This article discusses topics relating to genetic engineering within Oceania. Currently New Zealand and Australia require labeling so consumers can exercise choice between foods that have genetically modified, conventional, or organic origins.

Australia
Genetic engineering in Australia was originally (since 1987) overseen by the Genetic Manipulation Advisory Committee, before the Office of the Gene Technology Regulator (OGTR) and Food Standards Australia New Zealand took over in 2001.  The OTGR is a Commonwealth Government Authority within the Department of Health and Ageing and reports directly to Parliament through a Ministerial Council on Gene Technology and has legislative powers. It was established as part of the Gene Technology Act 2003 and operates according to the Gene Technology Regulations 2001. The OGTR reports directly to Parliament through a Ministerial Council on Gene Technology and has legislative powers.
The OGTR decides on license applications for the release of all genetically modified organisms, while regulation is provided by the Therapeutic Goods Administration for GM medicines or Food Standards Australia New Zealand for GM food. The individual state governments are then able to assess the impact of release on markets and trade and apply further legislation to control approved genetically modified products.

Genetically modified cotton, canola, and carnations are grown in Australia. Genetically modified cotton has been grown commercially in New South Wales and Queensland since 1996. GM canola was approved in 2003 and was first grown in 2008 and was first approved in Western Australia in 2010.

In 2011 genetically modified plants were grown in all states except South Australia and Tasmania, who have extended their moratoriums until 2019 and 2014. The Queensland and Northern Territory Governments have not implemented any further legislation beyond the national level, but several other states placed bans on planting certain GM crops. In 2007 the New South Wales government extended a blanket moratorium on GM food crops until 2011, but allowed groups to apply for exemptions. New South Wales approved GM Canola for commercial cultivation in 2008, while the Victorian government let the moratorium on GM Canola expire in 2007. Western Australia passed the Genetically Modified Crops Free Areas Act in 2003 and was declared a GM free area in 2004. In 2008 an exception was made for the commercial cultivation of GM cotton in the Ord River Irrigation Areas. Trials of GM canola were carried out in 2003 and in 2010 the Western Australian government allowed the commercialisation of GM canola.

New Zealand

Genetic engineering is a contentious issue in New Zealand.  no genetically modified food was grown in New Zealand, and no medicines containing live genetically modified organisms have been approved for use. However, medicines manufactured using genetically modified organisms that do not contain live organisms have been approved for sale, and imported foods with genetically modified components are sold. Food Standards Australia New Zealand (FSANZ) must approve any food produced from GM crops, or made using genetically engineered enzymes, before it can be marketed in Australia or New Zealand. FSANZ makes a list of such approvals available on its website.
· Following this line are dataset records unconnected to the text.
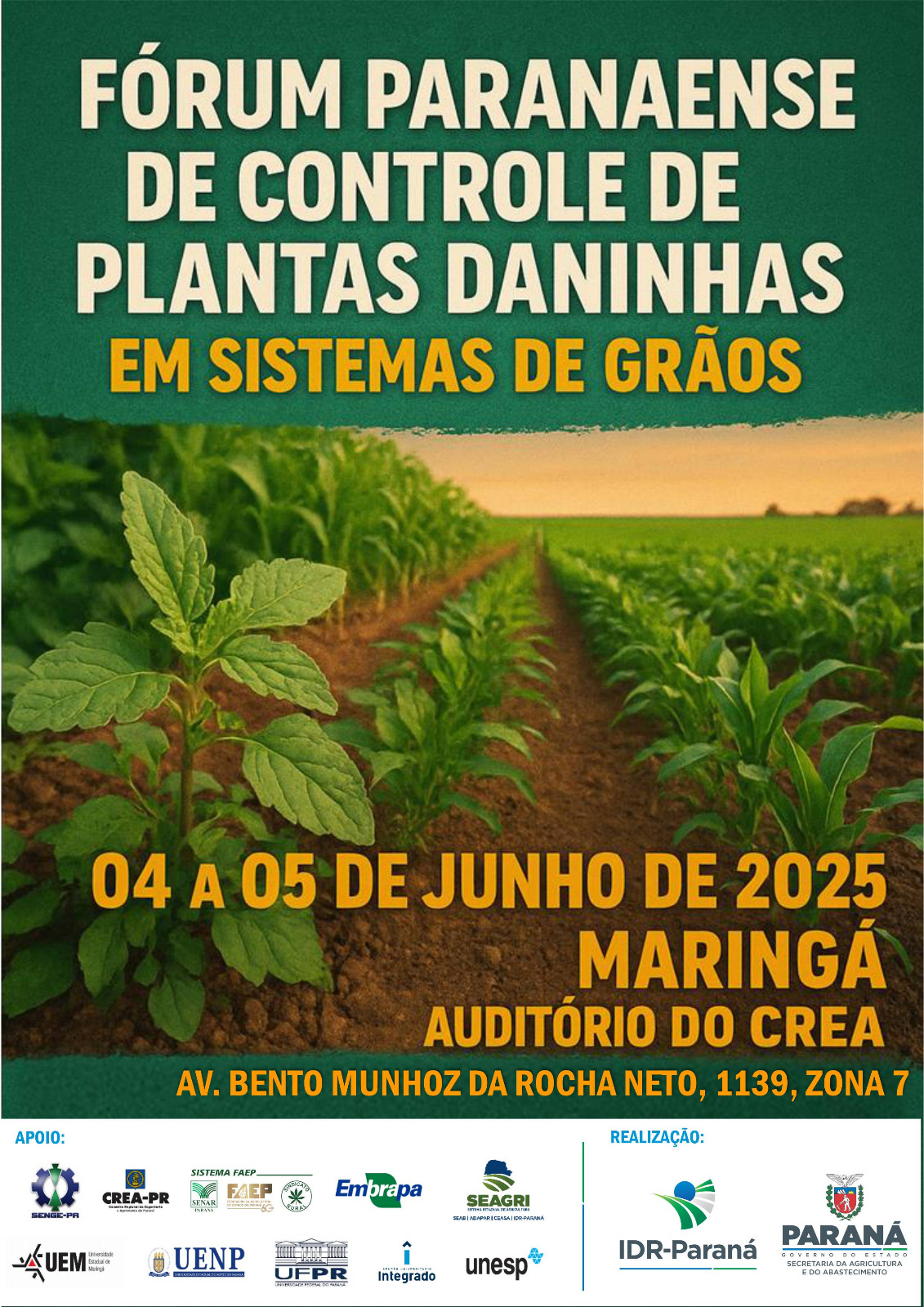 | FÓRUM PARANAENSE DE CONTROLE DE PLANTAS DANINHAS EM SISTEMAS DE GRÃOS | de 04/06/2025 a 05/06/2025 Fechado Para Novas Inscricoes | |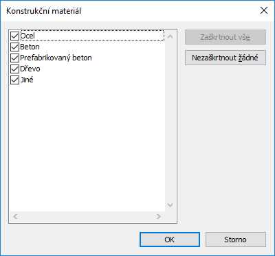 Vyberte materiál, který chcete zobrazit a klikněte na tlačítko OK. Ve výchozím nastavení jsou vybrány všechny.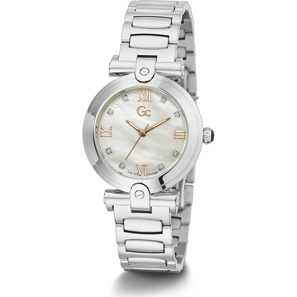 This GC watch has a case made of stainless steel with a diameter of 34 mm and is fitted with a metal band.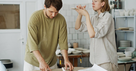 Creative Pottery Workshop: Friends Shaping Clay and Crafting Unique Ceramic Pieces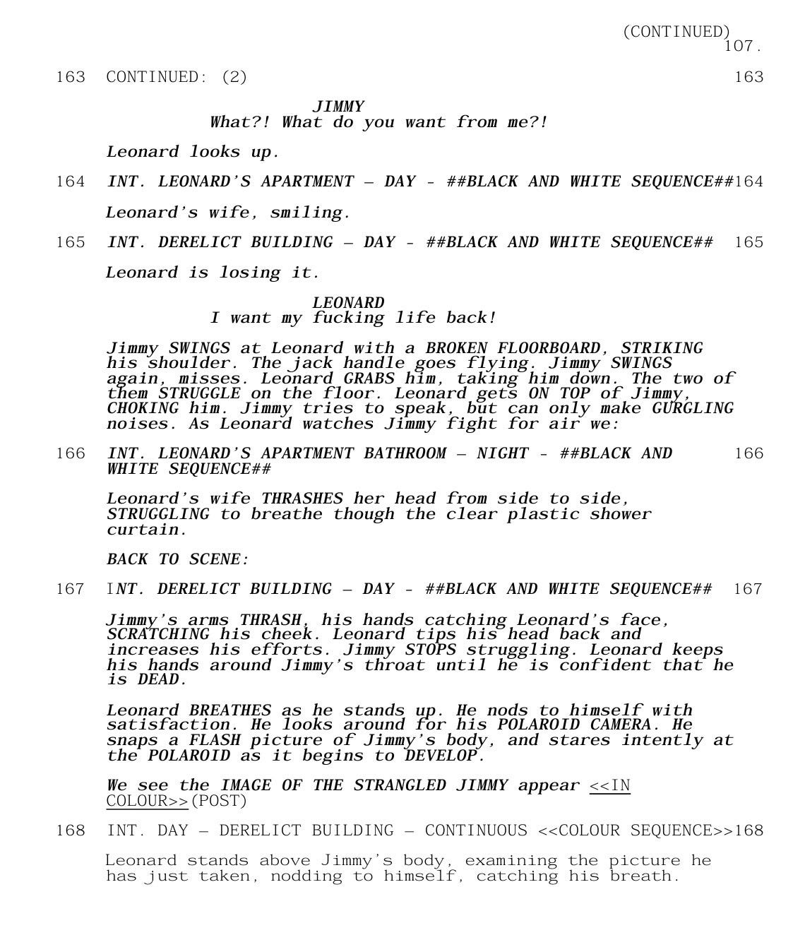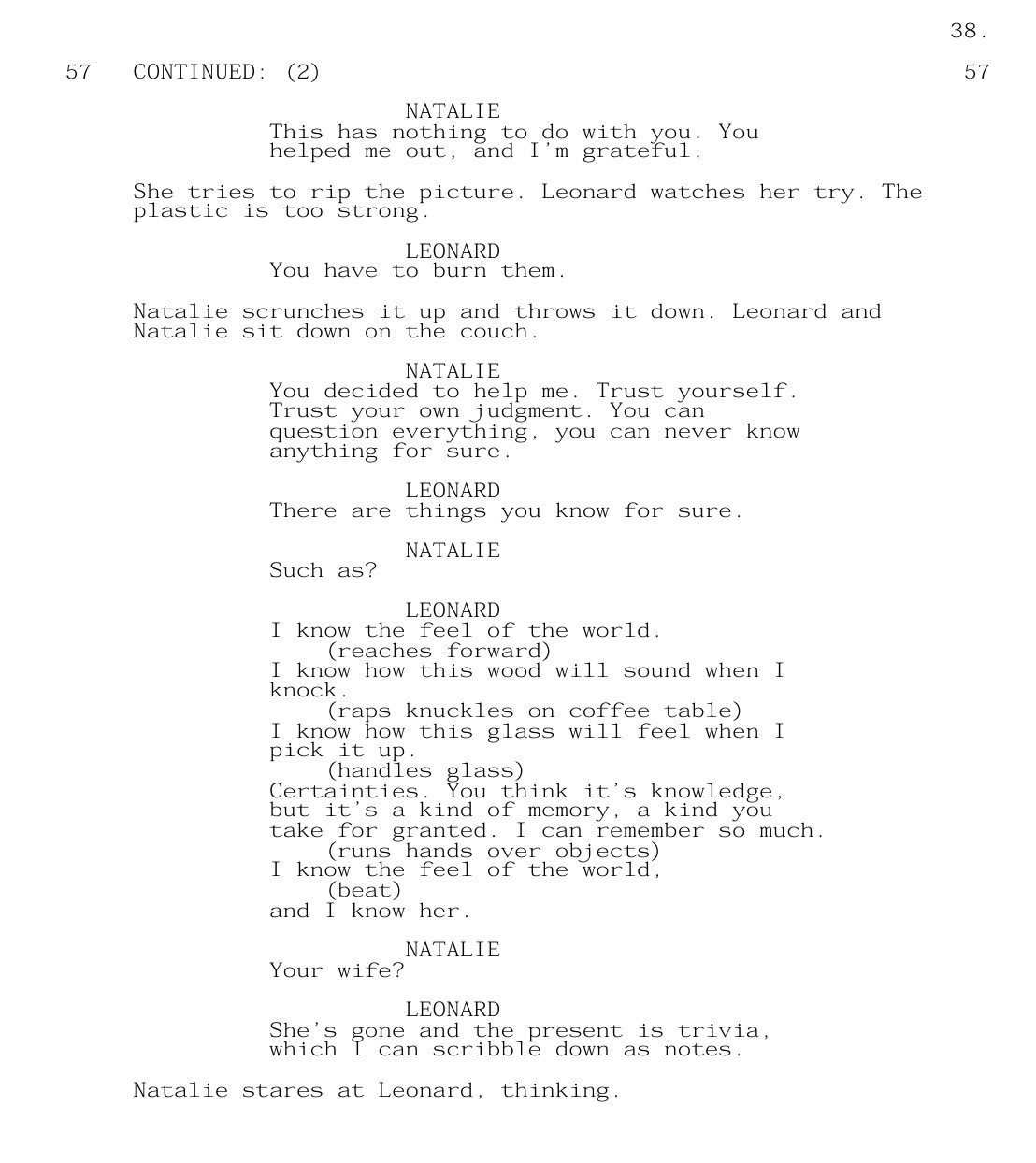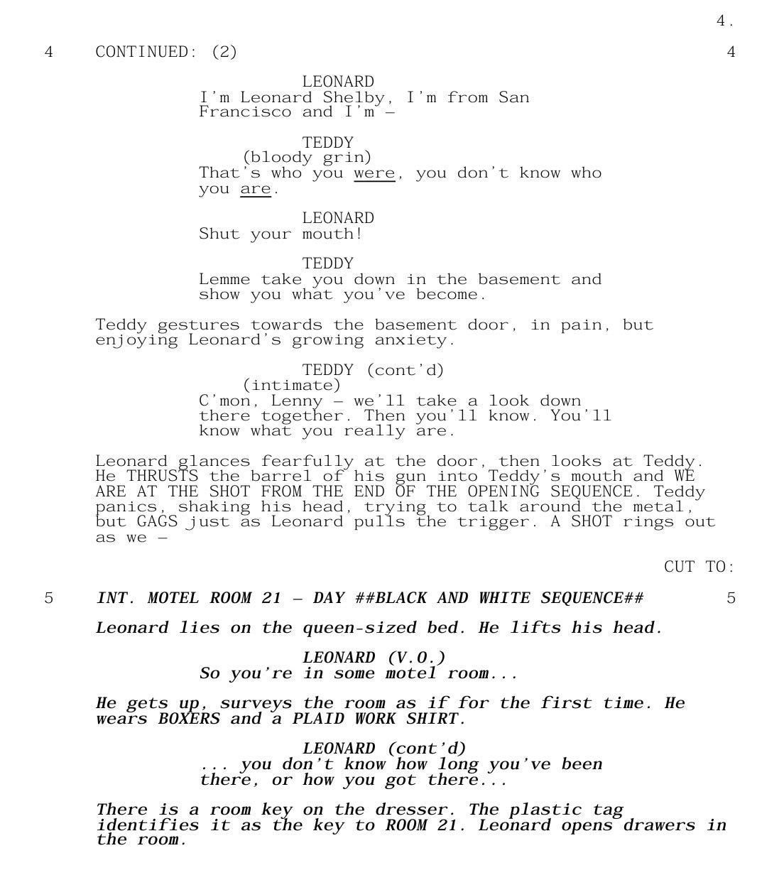 The short story, ‘Memento Mori’, (which is included in the screenplay) is different to what the elder Nolan would end up writing. Not just in characters but in situation, too. For the screenplay, Nolan was particularly interested in exploring how Leonard’s condition would make it easy for people to use him. This is demonstrated vividly in Scene 139— no words needed to explain how cruel it is.

In 2000 the Government appointed a Royal Commission to report on issues relating to genetically modified organisms (GMOs). The Report of the Royal Commission on Genetic Modification, released in July 2001, concluded that New Zealand should keep its options open with regard to genetic engineering and to proceed carefully in order to minimise and manage any risks. Field trials have been carried out with GM pine trees and brassicas.
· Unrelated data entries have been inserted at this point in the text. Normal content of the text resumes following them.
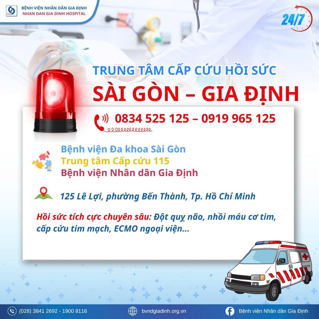 Khi cần cấp cứu, bạn hoặc người thân có thể gọi Trung tâm Cấp cứu Hồi sức Sài Gòn - Gia Định theo số: 0834 525 125 - 0919 965 125 (hoạt động 24/7).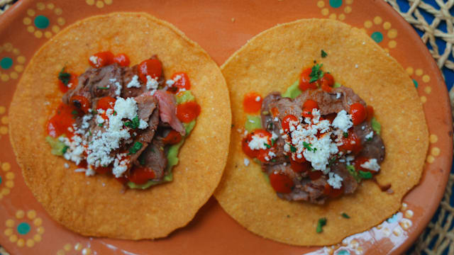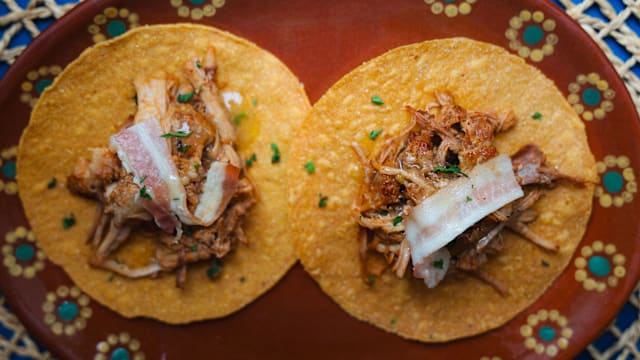 Due tortillas di mais croccanti con brisket di vitello slow-cooked, guacamole, formaggio fresco e salsa al frutto della passione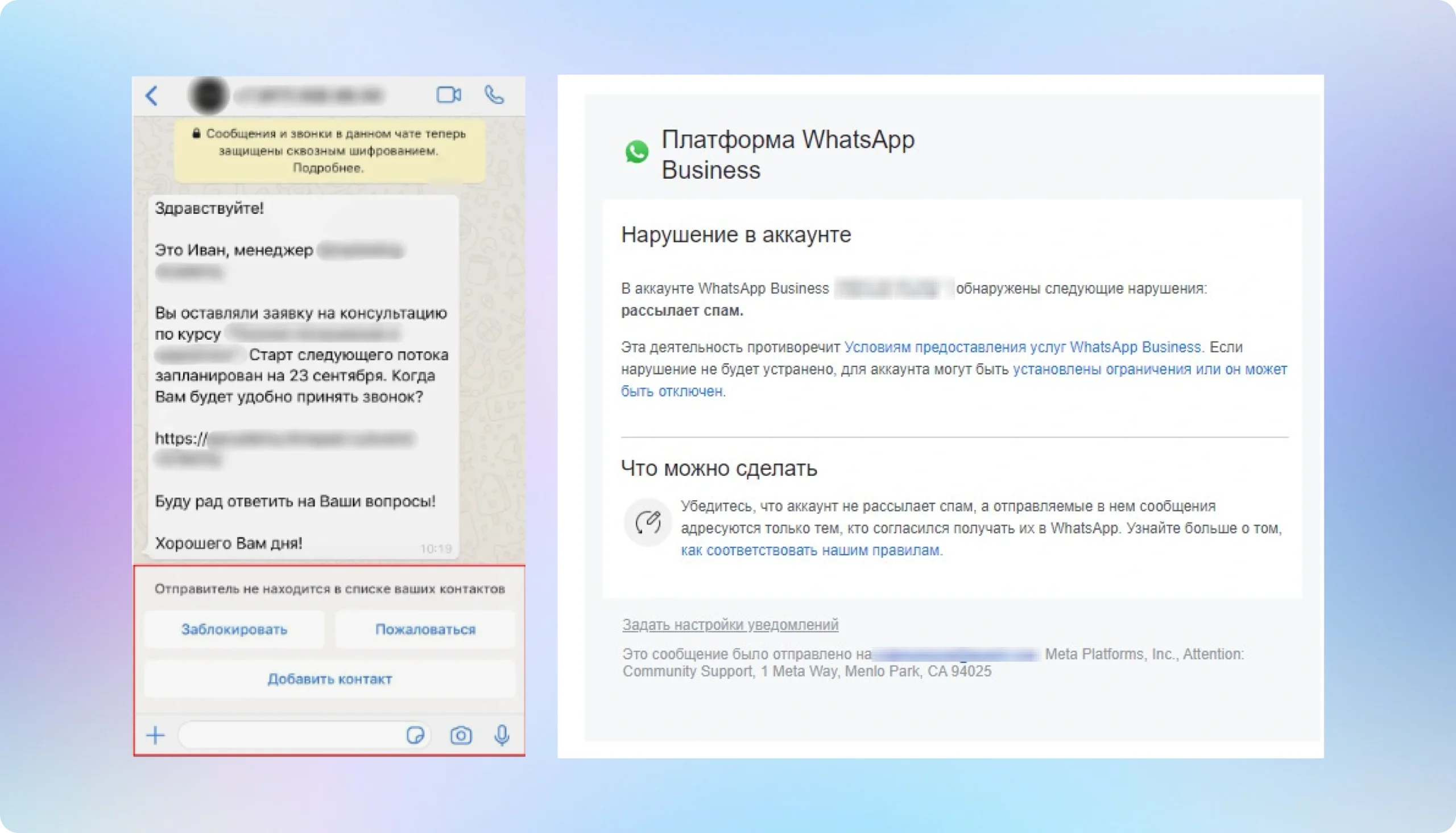 Если пользователь выбирает «Пожаловаться», то последние пять сообщений компании отправляются на проверку в WhatsApp. Если пользователь выбирает «Заблокировать», то рассылка перестаёт ему доставляться. Когда таких пользователей становится много, Meta* занижает статус компании и впоследствии блокирует её номер.

Prior to the 2002 general election, the book Seeds of Distrust was published which highlighted possible contamination of imported corn seed with GMO seeds. During the election campaign the book caused an amount of friction between the Labour and Green Parties, referred to as "Corngate" in the media.

Field trials of genetically engineered Pinus radiata trees is being carried out by SCION, a Crown Research Institute. Environmental activists breached the security at the site and damaged 19 of the trees in 2008. No organisation claimed responsibility but a spade left on the site had a "GE-free New Zealand" sticker attached to it. Brassica species have been approved by ERMA for a ten-year field trial in Canterbury. The conditions that were set for the trial were breached and lobbyists called for an end to the trial.